I mentioned briefly in my eulogy for my Dad, which I delivered at his funeral on September 5, how God had surprisingly changed my life. I was recently inspired to share my full testimony after reading my friend Russ Gehrlein’s testimony.
I was raised in a Roman Catholic home. My Mom saw that we were faithful to go to church every Sunday, take religious education, and follow the sacraments. I’m a rule follower by nature. By following the rules of the church, I thought I was OK. I was doing what I was supposed to be doing. I was convinced that I was “good enough”, at least in comparison with others.

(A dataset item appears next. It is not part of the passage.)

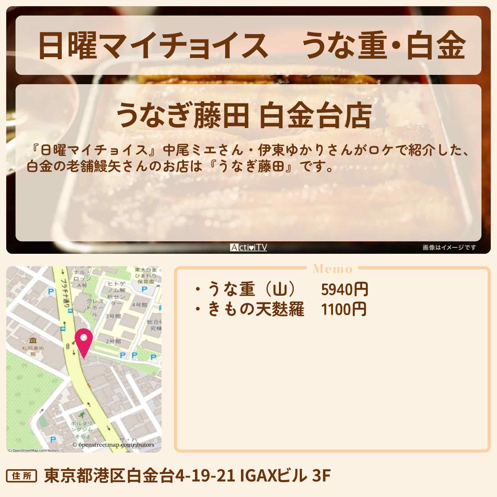 放送の【日曜マイチョイス】中尾ミエさん・伊東ゆかりさんがロケで紹介した、白金の老舗鰻矢さんのお店は『うなぎ藤田』です。
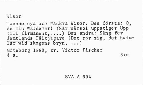 //// Wisor //// Twenne nya och V/ack ra Wisor. Den första: 0, du min Waldemar! (När wårsol uppstiger Upp till firmament,...) Den andra: Sång för Jemtlands Fältjägare (Det rör sig, det hv/im-Här wid skogens bryn, ...) //// Göteborg 1880, tr. Victor Fischer 4 s. 8: o //// SVA A 994 ////

But you see, there was no change in my heart. I had a temper problem, at times a bad temper problem. I also saw no problem in going to Mass on Saturday, so that I could go out and party that night and not have to get up and go to church on Sunday morning. Also, when my future wife Tammy bought me my first Bible (a Good News Bible), I set it right next to a Playboy magazine on my nightstand, and didn’t see any problem with that. Seriously.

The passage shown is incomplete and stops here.